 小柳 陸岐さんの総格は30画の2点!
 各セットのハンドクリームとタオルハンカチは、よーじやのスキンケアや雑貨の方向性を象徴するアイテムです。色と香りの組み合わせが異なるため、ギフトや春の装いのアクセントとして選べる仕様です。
__________
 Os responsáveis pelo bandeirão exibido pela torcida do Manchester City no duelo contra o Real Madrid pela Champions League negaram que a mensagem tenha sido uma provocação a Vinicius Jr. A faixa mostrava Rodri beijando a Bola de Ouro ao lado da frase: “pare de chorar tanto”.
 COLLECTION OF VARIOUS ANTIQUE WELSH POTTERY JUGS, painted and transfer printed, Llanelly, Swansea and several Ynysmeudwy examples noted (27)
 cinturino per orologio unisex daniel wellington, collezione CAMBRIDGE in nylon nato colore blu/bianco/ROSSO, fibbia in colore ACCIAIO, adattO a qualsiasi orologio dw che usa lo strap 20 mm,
__________
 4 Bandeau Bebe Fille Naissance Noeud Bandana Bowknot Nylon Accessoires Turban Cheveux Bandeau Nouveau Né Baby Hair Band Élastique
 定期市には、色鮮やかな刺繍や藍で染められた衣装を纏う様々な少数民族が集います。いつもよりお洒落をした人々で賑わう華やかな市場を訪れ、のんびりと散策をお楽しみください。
__________
■ **Exercise prompt**
Look above for the line with "小柳 陸岐さんの総格は30画の2点!" and the line with "各セットのハンドクリームとタ". Retype those two lines and every line between them exactly, adding nothing.

■ **Result**
 小柳 陸岐さんの総格は30画の2点!
 各セットのハンドクリームとタオルハンカチは、よーじやのスキンケアや雑貨の方向性を象徴するアイテムです。色と香りの組み合わせが異なるため、ギフトや春の装いのアクセントとして選べる仕様です。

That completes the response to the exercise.